## Required work
There is one span to output from the data below: the lines starting at the line with "En los terrenos" and ending at the line with "2. 如图14-2-3所示是比较水和煤油吸热升温特点的实验装置.". Output it exactly, ends included, nothing more.

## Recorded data
-------------------------

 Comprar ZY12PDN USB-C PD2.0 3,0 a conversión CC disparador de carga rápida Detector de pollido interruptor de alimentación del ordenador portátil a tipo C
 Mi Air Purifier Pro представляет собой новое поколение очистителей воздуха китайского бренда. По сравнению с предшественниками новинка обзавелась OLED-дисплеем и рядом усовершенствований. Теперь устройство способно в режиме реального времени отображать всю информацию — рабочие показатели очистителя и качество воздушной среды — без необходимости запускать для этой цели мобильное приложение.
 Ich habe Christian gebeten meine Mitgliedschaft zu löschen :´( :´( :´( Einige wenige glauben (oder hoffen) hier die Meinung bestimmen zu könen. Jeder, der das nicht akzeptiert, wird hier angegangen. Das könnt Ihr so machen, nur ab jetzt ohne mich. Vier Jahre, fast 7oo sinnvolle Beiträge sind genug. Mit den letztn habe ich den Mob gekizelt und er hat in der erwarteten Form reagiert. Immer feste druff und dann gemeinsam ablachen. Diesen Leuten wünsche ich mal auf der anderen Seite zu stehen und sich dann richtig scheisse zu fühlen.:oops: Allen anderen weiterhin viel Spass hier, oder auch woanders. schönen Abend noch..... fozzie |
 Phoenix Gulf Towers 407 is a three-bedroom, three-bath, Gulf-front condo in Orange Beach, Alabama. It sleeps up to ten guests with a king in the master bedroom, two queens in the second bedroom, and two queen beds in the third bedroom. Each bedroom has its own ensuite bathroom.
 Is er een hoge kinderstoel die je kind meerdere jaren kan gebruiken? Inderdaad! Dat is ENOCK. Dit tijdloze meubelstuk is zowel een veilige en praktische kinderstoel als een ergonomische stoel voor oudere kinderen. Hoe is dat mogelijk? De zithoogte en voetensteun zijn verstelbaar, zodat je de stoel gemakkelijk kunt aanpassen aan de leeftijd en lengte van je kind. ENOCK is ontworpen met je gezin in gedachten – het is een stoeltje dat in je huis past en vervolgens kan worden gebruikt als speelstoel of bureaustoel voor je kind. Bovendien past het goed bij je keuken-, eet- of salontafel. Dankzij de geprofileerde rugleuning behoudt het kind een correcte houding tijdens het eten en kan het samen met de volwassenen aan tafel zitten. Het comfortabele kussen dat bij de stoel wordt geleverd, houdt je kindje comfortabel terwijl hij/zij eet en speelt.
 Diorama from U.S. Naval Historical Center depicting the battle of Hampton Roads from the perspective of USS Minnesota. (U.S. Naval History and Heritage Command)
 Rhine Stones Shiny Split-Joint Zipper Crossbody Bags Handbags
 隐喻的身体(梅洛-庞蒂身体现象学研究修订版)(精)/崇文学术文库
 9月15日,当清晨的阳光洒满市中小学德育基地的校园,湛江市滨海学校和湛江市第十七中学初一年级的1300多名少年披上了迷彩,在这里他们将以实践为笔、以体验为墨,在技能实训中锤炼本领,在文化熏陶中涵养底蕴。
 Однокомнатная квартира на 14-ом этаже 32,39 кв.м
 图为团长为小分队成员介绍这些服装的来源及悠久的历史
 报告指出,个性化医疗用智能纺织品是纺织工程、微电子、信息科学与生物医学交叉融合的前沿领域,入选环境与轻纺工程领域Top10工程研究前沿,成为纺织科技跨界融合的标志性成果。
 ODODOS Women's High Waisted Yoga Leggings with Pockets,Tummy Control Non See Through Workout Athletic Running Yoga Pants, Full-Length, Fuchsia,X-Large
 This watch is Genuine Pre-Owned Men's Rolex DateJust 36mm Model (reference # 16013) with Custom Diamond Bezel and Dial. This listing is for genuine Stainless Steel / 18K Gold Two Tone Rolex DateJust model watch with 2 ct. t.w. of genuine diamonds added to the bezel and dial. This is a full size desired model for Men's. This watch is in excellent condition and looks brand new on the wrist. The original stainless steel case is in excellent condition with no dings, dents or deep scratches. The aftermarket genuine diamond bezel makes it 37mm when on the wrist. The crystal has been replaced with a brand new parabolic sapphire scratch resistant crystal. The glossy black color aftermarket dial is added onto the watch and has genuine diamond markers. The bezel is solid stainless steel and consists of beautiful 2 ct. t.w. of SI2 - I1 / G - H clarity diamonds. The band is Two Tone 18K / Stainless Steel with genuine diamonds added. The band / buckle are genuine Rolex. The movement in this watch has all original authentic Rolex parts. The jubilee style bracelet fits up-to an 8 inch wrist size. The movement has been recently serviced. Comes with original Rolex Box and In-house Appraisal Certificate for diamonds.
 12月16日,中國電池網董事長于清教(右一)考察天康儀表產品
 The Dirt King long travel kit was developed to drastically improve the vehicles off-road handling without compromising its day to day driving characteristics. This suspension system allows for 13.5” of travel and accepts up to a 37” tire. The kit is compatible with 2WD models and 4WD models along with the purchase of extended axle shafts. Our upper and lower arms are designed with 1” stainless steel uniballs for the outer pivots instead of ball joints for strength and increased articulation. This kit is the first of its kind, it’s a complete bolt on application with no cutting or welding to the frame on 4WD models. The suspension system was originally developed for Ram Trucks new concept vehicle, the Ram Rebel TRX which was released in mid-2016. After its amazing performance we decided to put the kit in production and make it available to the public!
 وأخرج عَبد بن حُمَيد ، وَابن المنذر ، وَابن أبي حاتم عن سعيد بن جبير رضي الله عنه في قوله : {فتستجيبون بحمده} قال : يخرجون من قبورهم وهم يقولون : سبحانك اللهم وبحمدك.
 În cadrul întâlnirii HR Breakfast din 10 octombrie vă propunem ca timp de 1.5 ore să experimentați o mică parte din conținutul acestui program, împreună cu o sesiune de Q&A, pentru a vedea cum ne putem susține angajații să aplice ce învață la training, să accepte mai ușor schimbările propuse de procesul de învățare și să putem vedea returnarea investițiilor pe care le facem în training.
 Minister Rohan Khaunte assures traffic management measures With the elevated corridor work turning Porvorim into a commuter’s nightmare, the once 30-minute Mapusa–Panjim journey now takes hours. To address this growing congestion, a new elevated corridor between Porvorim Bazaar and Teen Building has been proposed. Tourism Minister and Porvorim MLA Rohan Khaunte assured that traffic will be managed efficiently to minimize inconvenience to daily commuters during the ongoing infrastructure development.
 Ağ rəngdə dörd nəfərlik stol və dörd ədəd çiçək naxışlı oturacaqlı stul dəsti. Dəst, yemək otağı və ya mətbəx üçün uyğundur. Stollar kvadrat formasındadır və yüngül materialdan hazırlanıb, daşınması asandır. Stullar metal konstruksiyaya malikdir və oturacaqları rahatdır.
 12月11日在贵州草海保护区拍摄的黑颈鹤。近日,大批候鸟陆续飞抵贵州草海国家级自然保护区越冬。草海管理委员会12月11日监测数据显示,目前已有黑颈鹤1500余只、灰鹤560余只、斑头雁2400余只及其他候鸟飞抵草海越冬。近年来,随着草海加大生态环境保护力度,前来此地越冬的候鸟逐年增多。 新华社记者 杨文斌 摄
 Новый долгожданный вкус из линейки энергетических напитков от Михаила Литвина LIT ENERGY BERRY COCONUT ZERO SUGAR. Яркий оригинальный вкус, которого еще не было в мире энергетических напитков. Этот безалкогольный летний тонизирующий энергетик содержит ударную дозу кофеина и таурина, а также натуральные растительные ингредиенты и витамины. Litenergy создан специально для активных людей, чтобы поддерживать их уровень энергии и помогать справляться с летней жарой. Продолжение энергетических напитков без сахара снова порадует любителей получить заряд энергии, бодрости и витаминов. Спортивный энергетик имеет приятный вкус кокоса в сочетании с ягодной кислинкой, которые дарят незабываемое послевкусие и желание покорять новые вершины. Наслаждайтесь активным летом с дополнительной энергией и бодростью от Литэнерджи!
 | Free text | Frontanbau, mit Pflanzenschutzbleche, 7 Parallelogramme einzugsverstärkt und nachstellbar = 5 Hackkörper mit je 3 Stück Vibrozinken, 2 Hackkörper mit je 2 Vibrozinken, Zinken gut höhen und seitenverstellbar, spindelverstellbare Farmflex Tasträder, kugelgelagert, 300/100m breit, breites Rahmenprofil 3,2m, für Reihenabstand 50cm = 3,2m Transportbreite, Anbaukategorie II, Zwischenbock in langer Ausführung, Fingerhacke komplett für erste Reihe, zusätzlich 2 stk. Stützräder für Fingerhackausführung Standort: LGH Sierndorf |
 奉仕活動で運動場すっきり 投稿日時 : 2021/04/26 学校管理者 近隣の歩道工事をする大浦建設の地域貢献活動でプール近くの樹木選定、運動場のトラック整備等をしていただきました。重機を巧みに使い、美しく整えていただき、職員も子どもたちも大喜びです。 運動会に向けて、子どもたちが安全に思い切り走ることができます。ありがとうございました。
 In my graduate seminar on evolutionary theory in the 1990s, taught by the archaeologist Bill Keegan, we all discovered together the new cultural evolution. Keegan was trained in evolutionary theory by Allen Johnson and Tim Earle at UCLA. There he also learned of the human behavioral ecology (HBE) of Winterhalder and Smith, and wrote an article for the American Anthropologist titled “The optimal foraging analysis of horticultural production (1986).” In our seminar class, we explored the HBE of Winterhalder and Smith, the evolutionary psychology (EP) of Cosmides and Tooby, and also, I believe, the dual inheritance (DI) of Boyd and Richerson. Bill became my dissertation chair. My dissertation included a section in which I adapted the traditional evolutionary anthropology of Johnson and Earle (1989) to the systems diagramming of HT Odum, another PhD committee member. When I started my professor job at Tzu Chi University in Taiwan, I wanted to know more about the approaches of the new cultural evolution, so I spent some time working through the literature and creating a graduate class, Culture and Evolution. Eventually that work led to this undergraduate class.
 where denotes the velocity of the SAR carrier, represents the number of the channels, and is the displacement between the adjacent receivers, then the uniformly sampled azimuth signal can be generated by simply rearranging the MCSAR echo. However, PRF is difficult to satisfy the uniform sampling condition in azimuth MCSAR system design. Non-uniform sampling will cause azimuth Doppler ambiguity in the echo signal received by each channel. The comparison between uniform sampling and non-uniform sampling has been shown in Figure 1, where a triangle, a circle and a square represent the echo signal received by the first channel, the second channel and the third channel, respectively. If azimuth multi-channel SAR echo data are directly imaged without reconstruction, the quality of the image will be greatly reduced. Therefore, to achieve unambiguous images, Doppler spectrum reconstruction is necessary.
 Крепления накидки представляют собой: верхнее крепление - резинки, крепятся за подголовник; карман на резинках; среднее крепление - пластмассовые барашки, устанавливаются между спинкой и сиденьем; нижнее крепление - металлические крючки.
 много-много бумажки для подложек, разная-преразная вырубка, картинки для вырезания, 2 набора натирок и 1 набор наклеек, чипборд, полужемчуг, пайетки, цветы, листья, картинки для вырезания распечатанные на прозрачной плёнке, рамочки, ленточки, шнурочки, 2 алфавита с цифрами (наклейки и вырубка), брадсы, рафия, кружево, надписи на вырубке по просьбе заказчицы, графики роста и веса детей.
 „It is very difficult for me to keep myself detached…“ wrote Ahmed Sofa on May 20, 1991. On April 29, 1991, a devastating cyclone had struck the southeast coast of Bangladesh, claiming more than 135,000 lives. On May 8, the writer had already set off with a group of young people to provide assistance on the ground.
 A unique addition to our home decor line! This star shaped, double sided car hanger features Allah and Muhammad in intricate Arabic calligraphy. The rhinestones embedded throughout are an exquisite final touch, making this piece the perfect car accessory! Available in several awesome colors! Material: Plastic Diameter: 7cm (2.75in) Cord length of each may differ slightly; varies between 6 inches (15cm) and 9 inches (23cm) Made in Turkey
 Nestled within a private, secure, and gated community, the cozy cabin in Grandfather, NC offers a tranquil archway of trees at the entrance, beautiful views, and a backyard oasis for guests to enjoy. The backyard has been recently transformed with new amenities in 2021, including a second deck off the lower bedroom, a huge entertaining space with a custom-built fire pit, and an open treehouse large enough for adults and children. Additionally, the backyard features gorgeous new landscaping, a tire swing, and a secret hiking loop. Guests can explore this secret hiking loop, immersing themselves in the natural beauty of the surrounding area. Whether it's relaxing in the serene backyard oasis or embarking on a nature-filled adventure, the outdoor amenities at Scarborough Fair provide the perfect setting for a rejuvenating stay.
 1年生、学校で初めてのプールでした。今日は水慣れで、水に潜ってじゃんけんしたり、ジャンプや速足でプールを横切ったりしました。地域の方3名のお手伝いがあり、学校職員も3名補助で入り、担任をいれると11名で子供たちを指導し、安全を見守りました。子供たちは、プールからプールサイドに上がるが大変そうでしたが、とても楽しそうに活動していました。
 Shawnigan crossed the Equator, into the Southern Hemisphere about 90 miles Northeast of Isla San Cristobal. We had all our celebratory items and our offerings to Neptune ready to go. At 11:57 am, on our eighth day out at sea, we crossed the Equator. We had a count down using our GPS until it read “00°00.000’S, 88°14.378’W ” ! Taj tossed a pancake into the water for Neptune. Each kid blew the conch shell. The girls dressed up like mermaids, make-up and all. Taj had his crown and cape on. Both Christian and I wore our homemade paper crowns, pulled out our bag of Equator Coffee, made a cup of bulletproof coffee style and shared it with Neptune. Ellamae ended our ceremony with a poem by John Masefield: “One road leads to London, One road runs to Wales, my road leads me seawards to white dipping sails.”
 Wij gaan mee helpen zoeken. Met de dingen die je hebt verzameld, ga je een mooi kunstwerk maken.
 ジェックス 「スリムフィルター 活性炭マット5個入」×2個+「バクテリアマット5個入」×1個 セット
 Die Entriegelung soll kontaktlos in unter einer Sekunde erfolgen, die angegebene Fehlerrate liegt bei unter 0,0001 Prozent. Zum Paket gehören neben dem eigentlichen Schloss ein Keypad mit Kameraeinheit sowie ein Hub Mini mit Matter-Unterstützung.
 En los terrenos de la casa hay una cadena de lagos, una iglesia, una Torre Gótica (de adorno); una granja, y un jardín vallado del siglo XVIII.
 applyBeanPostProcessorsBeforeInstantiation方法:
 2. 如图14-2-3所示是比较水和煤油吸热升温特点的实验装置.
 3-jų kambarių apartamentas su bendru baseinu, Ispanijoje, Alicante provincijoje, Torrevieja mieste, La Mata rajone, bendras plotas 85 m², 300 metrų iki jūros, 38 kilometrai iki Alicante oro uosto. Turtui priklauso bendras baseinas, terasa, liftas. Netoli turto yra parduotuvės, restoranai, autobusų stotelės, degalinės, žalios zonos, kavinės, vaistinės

-------------------------

## Answer space
 En los terrenos de la casa hay una cadena de lagos, una iglesia, una Torre Gótica (de adorno); una granja, y un jardín vallado del siglo XVIII.
 applyBeanPostProcessorsBeforeInstantiation方法:
 2. 如图14-2-3所示是比较水和煤油吸热升温特点的实验装置.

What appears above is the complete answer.